» **Provided records**:
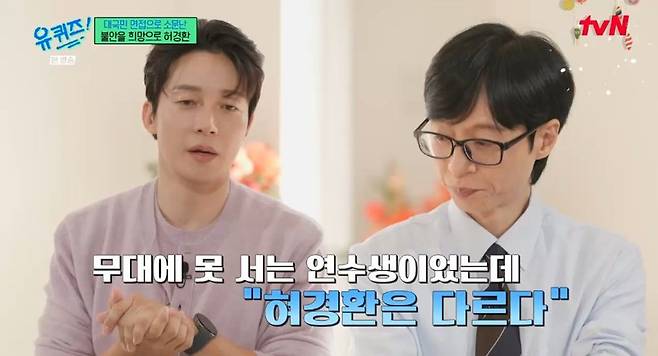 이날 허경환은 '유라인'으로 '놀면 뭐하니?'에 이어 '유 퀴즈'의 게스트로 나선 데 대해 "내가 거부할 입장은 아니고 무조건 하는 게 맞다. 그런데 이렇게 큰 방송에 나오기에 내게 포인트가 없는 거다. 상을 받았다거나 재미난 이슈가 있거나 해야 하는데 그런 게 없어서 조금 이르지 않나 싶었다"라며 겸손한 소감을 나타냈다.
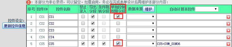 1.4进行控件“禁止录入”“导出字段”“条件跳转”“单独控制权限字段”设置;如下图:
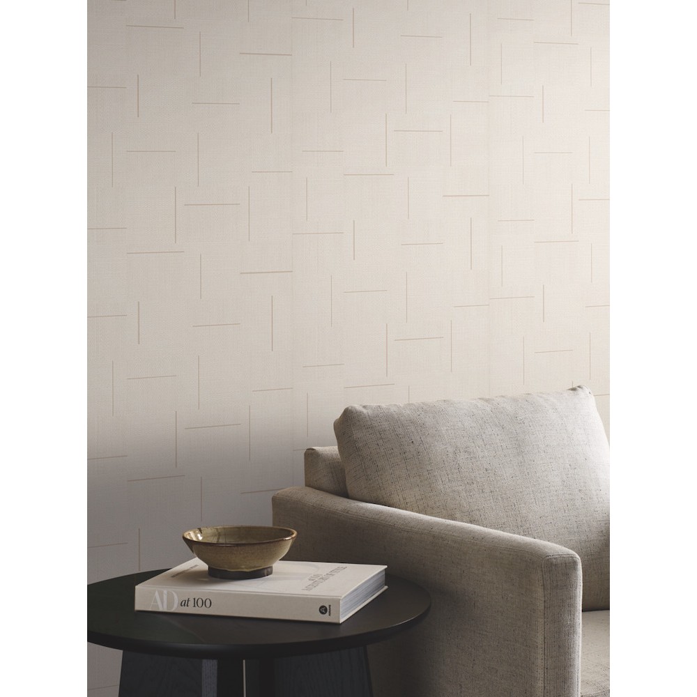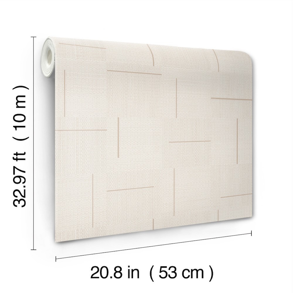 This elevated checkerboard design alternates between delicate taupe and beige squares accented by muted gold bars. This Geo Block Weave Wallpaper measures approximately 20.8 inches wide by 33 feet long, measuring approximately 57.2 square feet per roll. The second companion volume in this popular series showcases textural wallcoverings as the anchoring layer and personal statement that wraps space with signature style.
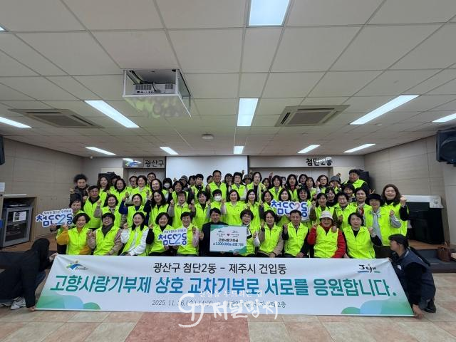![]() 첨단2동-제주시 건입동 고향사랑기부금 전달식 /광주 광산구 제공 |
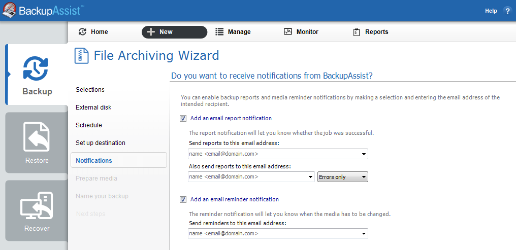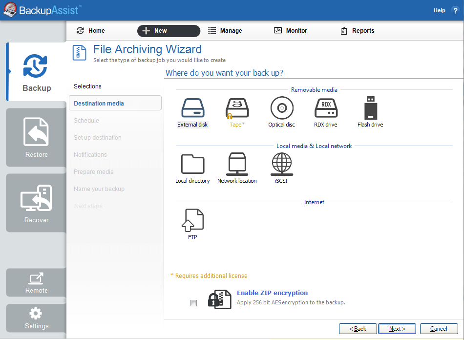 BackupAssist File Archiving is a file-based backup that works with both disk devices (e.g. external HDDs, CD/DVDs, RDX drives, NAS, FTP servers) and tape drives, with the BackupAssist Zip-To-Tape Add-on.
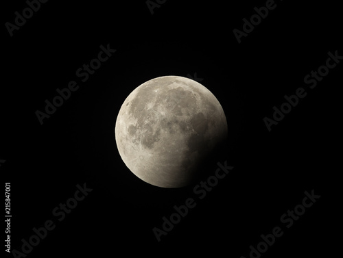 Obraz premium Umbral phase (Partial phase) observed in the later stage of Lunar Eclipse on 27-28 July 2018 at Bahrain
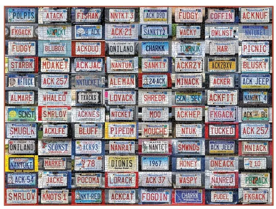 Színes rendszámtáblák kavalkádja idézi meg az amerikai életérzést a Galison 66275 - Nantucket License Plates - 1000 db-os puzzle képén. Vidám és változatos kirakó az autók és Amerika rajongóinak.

» **What is being asked**: Leave the pictures out and retype only the lines from the line with "전달식 /광주 광산구 제공 |" through the final line of the material, both ends included, word for word.

» **Answer for this exercise**:
![]() 첨단2동-제주시 건입동 고향사랑기부금 전달식 /광주 광산구 제공 |
 BackupAssist File Archiving is a file-based backup that works with both disk devices (e.g. external HDDs, CD/DVDs, RDX drives, NAS, FTP servers) and tape drives, with the BackupAssist Zip-To-Tape Add-on.
 Obraz premium Umbral phase (Partial phase) observed in the later stage of Lunar Eclipse on 27-28 July 2018 at Bahrain
 Színes rendszámtáblák kavalkádja idézi meg az amerikai életérzést a Galison 66275 - Nantucket License Plates - 1000 db-os puzzle képén. Vidám és változatos kirakó az autók és Amerika rajongóinak.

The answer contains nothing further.